Similar to the simulated data results, the HR estimates obtained for the full cohort NLST data are comparable to estimates obtained from the pooled NCC subcohorts and synthetic data. The SE estimates increase as the pool size is increased from 2 to 4 records per pool. As expected with the NCC sampling design, the precision of the parameter estimates also improve as more samples were matched on (e.g. 1:2 versus 1:5 matched case-control sets). For example, the 95% confidence interval of the HR associated with age tightens from $(1.69, 2.07)$ to $(1.74, 2.05)$ for matching on three additional controls in a subcohort of pool size 2 (i.e. moving from 1:2 to 1:5 matched sets of pool size 2); the confidence interval again decreased from $(1.57, 1.99)$ to $(1.59, 1.91)$ for the same additional controls when the pool size is 5. A comprehensive summary of all the estimates is presented in Table 6.

5. Discussion

In this article, we propose a privacy-preserving analysis technique for time-to-event data within the NCC sampling framework. The technique leverages the pooling scheme introduced by Weinberg and others^16,18,31 to randomly aggregate individual records across matched sets within the same NCC subcohorts, stratified by the outcome status.
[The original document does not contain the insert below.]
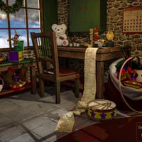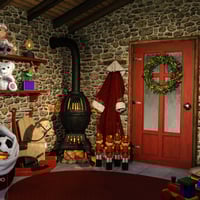Santa's Toy Workshop is a stand-alone cottage with river-rock walls, a concrete tiled floor and heavy beams supporting a gabled ceiling. The cabin windows are adorned with green wooden shutters and a red door completes the setting. The cottage alone is perfect for fairy tale renders (think of a group of dwarves) or a hunting cabin for your deep woods renders.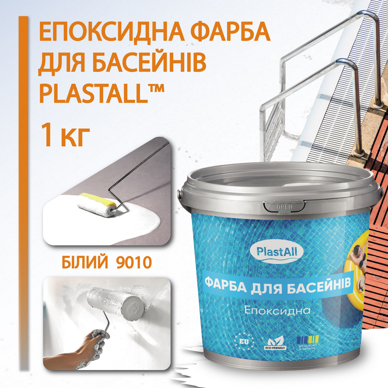 Найкращим рішенням є епоксидна фарба для басейну, оскільки вона створює водонепроникне, хімічно стійке покриття, не боїться хлору, постійного контакту з водою та механічних навантажень. Епоксидна фарба Plastall спеціально розроблена для басейнів із бетону та металу.

Only the aggregated covariate levels of the NCC subcohorts are shared with the analytical site. We employ several data utility metrics to assess the usefulness of the shared aggregate records for Cox PH regression and survival curve estimation under data privacy restrictions. These metrics are applied to the following datasets: full cohort (individual) data, pooled NCC subcohorts with pool sizes of 2 and 4, and CART-generated synthetic data.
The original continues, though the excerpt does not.